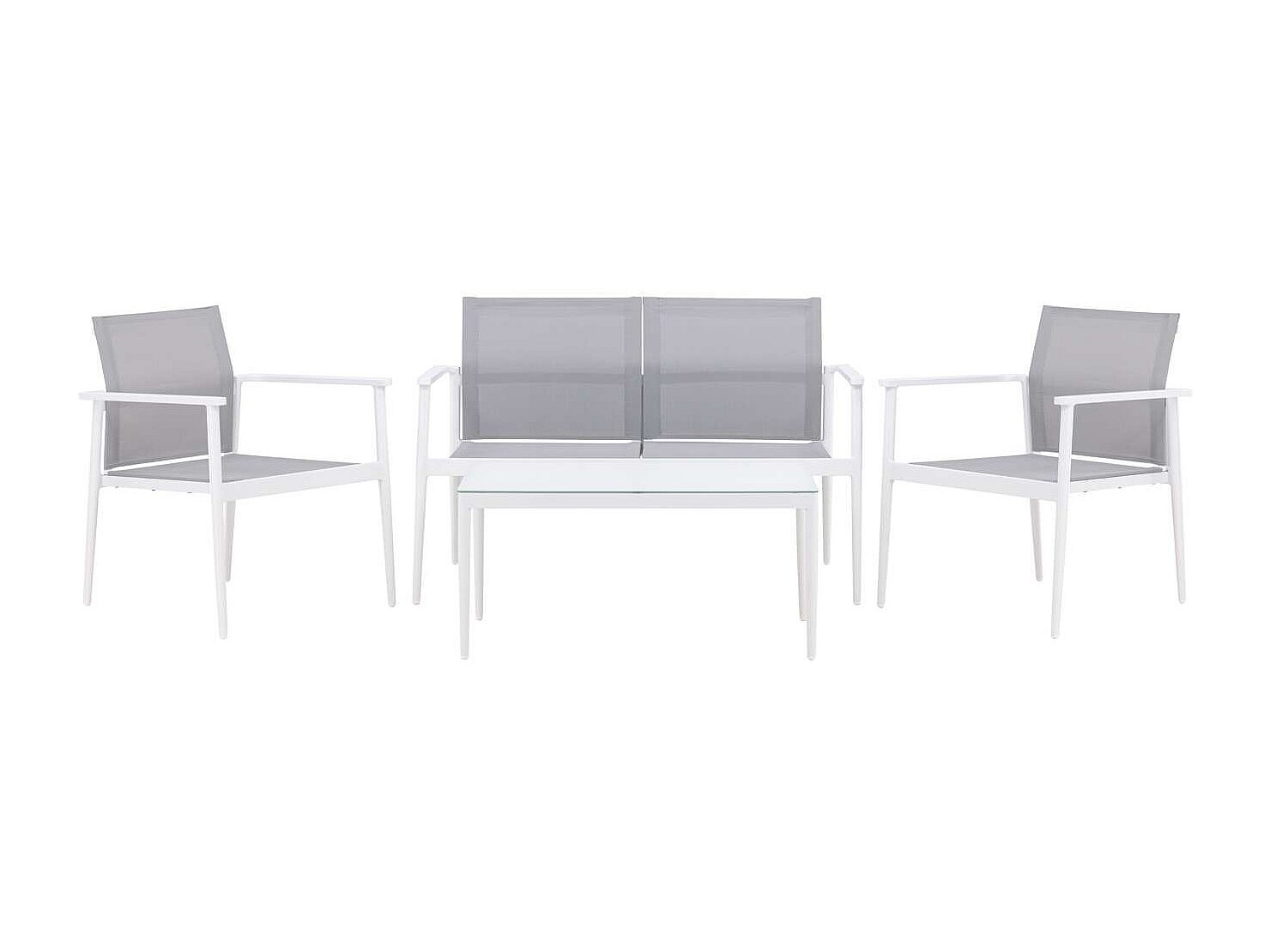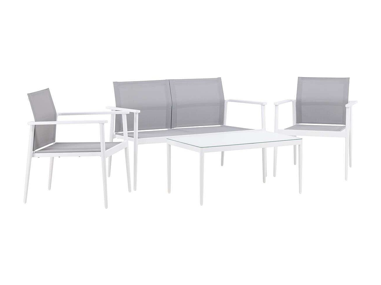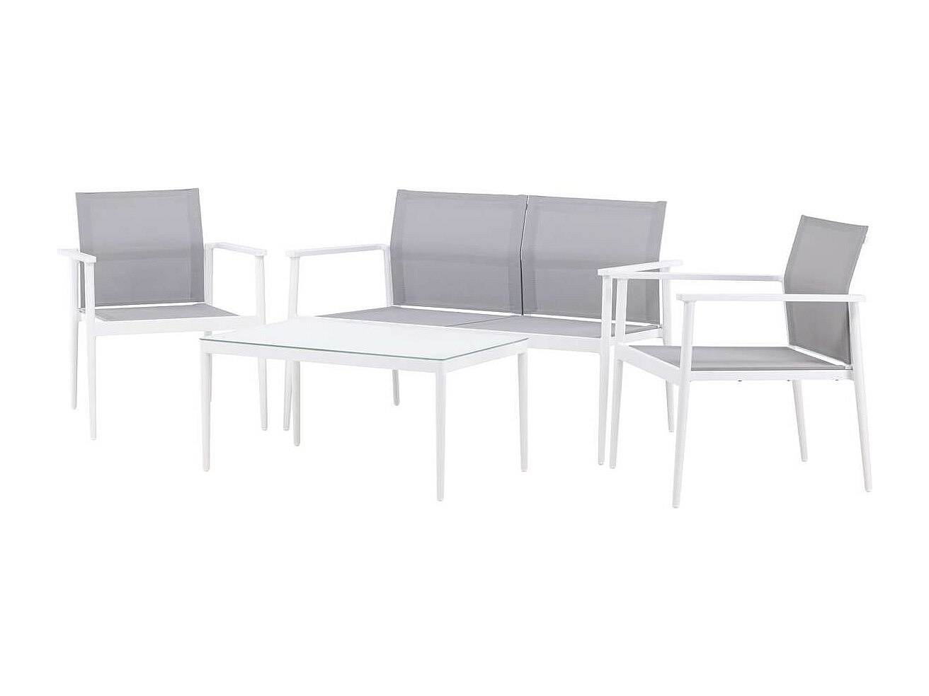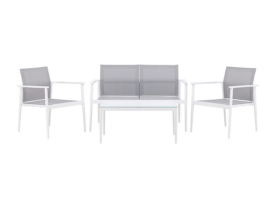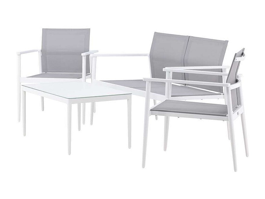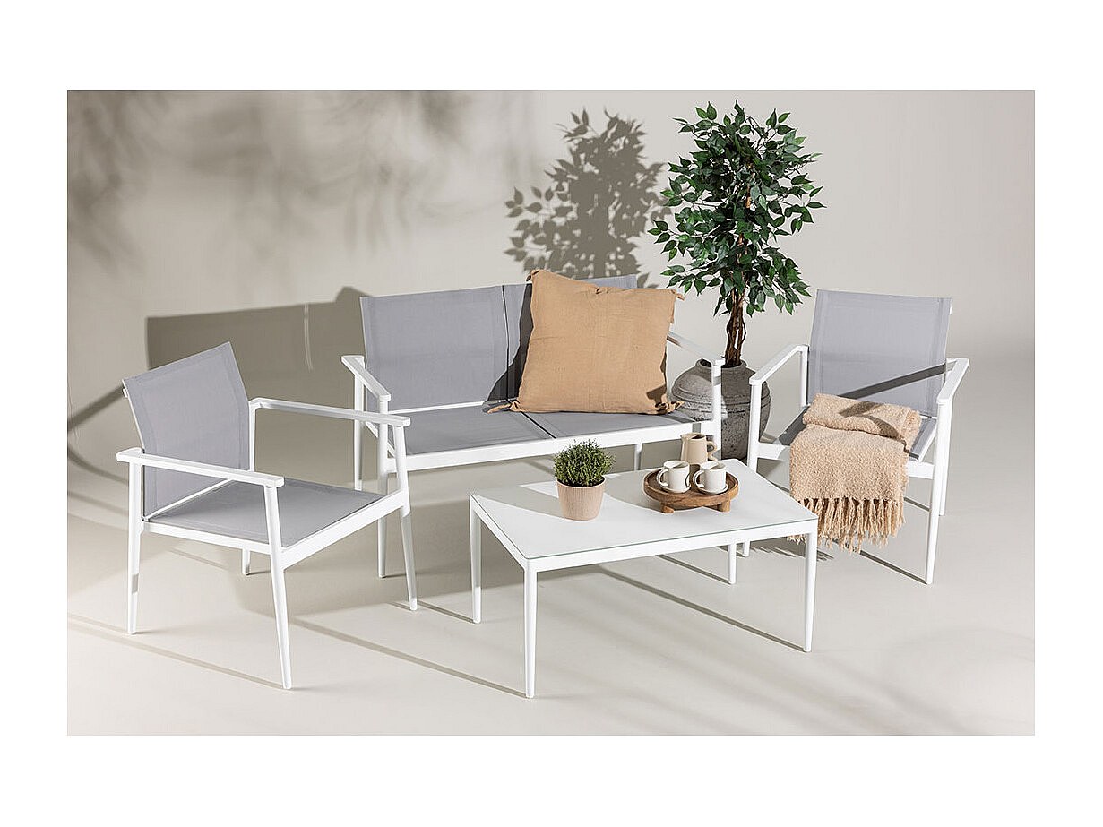 Loungeset van aluminium en wit & grijs staal LOLEA - Elegant design, afneembare kussens, 4 zitplaatsen, vierkante tafel
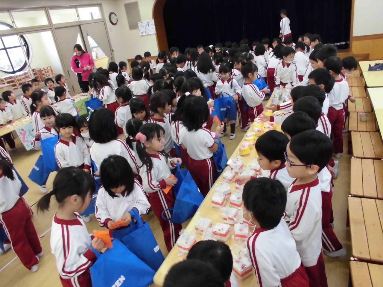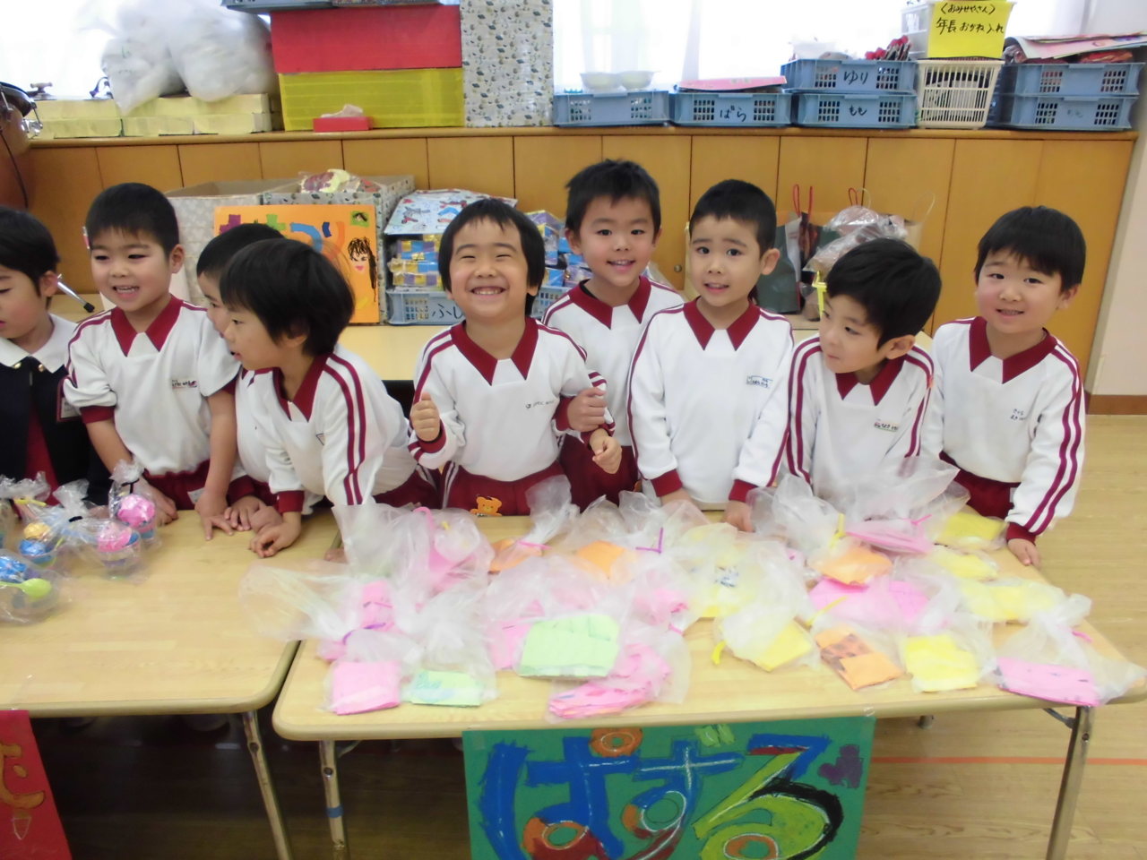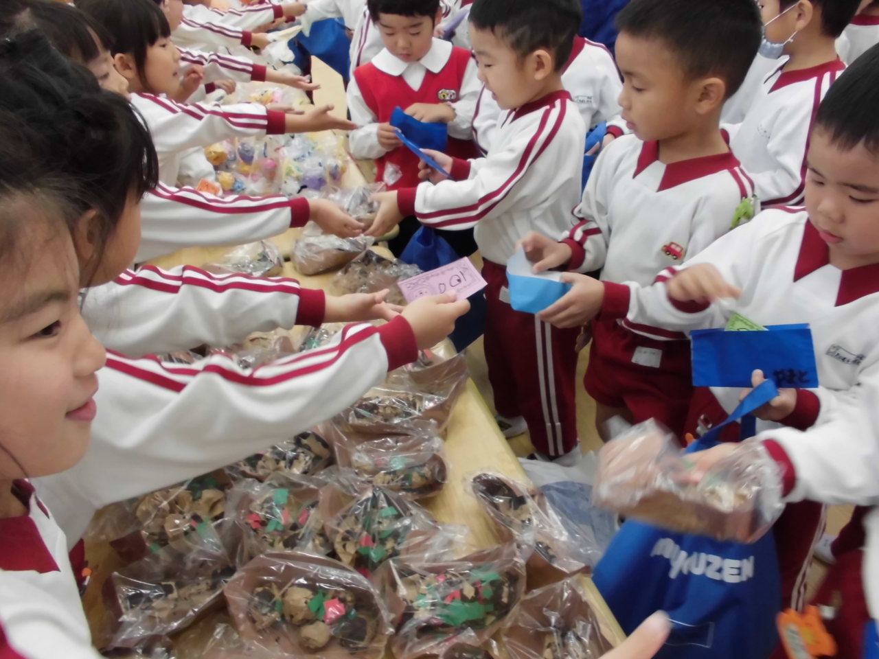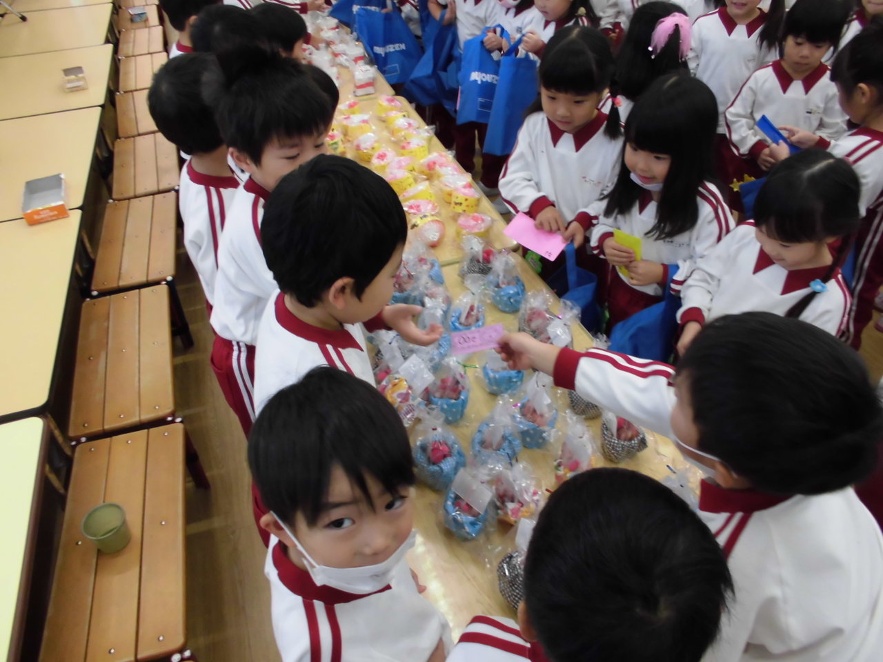 買い物が終わった後は、お友達と品物を見せ合って
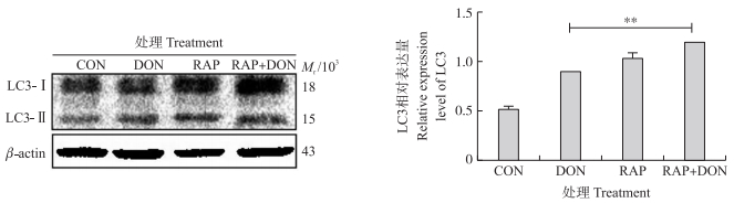 自噬激活剂雷帕霉素(RAP)50 nmol·L-1和1 000 ng·mL-1 DON单独或联合处理细胞24 h, Western blot检测LC3表达, 结果如图 8所示:RAP和DON联合处理组与单独DON攻毒组相比, LC3-Ⅱ的表达量升高且差异极显著(P < 0.01)。

> Problem requirements: Leave out the pictures. Transcribe the rest of the listing above exactly.

> Problem solution:
 Loungeset van aluminium en wit & grijs staal LOLEA - Elegant design, afneembare kussens, 4 zitplaatsen, vierkante tafel
 買い物が終わった後は、お友達と品物を見せ合って
 自噬激活剂雷帕霉素(RAP)50 nmol·L-1和1 000 ng·mL-1 DON单独或联合处理细胞24 h, Western blot检测LC3表达, 结果如图 8所示:RAP和DON联合处理组与单独DON攻毒组相比, LC3-Ⅱ的表达量升高且差异极显著(P < 0.01)。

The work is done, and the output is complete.